Translation is a Profession, Too.
In Part 1 of Translation is a Profession, Too, we looked at one of the quintessential conundrums in the translation profession: that despite having all the hallmarks of a profession, translators are not accorded the respect, and often not the level of payment, that a professional should be able to expect. We analysed the causes for this situation, enumerated what it means to be a professional, and looked at the two key pitfalls – the Dunning-Kruger Effect, and Impostor Syndrome.
In Part 2 we’ll look at some of the methods and resources a young translator can use to edge towards true professionalism, to earn respect, and to earn a higher income.
So assuming we’re agreed that the idea is to edge towards true professionalism, there are various different approaches to take (and this isn’t an exhaustive list):
- Post-grad courses
But before we look at each of these in more detail, it’s worth noting the one overall thing we need to do: we need to adopt a mindset of continuous learning.
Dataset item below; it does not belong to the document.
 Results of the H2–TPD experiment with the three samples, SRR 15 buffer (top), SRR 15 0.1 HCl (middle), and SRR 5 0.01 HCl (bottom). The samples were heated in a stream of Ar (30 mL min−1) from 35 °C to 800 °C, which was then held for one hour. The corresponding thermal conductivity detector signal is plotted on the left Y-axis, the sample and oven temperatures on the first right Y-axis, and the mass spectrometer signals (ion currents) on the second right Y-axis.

All of the ways we’ll look at below are about learning; the world translation market is growing; the technologies involved are racing forwards; the sub-types of translation are multiplying and growing into entire separate specialisations. It’s an exciting time to be in this profession – and to stay in it, we need to keep learning.
Attending conferences, either as a participant, or as a speaker, is a great way to get up to speed with what’s going on in the industry, and to let people know about you. This is just a selection of the translation and interpreting conferences we have had in the last 18 months:
And there are many more – smaller, local to you, cheaper to attend; bigger, international, expensive to attend and invaluable for contacts and learnings.
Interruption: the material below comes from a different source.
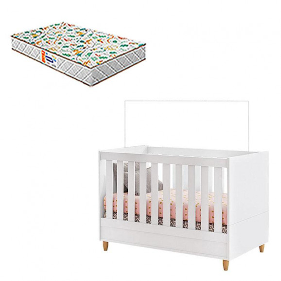 Berço Americano Retro Milka Branco Acetinado com Colchão Gazin – Móveis Estrela

There are the geekfests, for becoming experts at using CAT systems, such as MemoQ Fest. There are there international ones, such as GALA. There are national ones, like UTIC (Ukraine) and Translation Forum Russia. All of these events will provide an amazing experience and give you a different level of understanding of the profession – a level that many of your less active competitors won’t have.
A number of language service providers provide internship opportunities, Eclectic Translations included. They are a great opportunity to gain experience in a variety of fields, even fields you will never want to go back to again! My only internship was in the House of Commons in England. I worked there for 3 days when I was 16. It was fascinating. It was an amazing building to be in, full of politicians that you’d see every day in the news. But it was bloody awful. And I realized that no, I don’t want to be prime minister, thanks.
Anyway, investigate and sign up for internships, anything from a week to 3 months – you can even sometimes get paid for them.
Volunteer projects are more on-going opportunities, for after you’ve done your internships. Look out for worthy projects that you could be interested in volunteering for – there’s so much that needs a volunteer’s help. For example, you could work for local charities as a translator. You can join Translators without Borders. You can translate the subtitles for TED talks. There are non-commercial events, like film festivals – Message to Man happens every year in St. Petersburg. There are things like the St Petersburg International Economic Forum – a great opportunity to use your language in real life.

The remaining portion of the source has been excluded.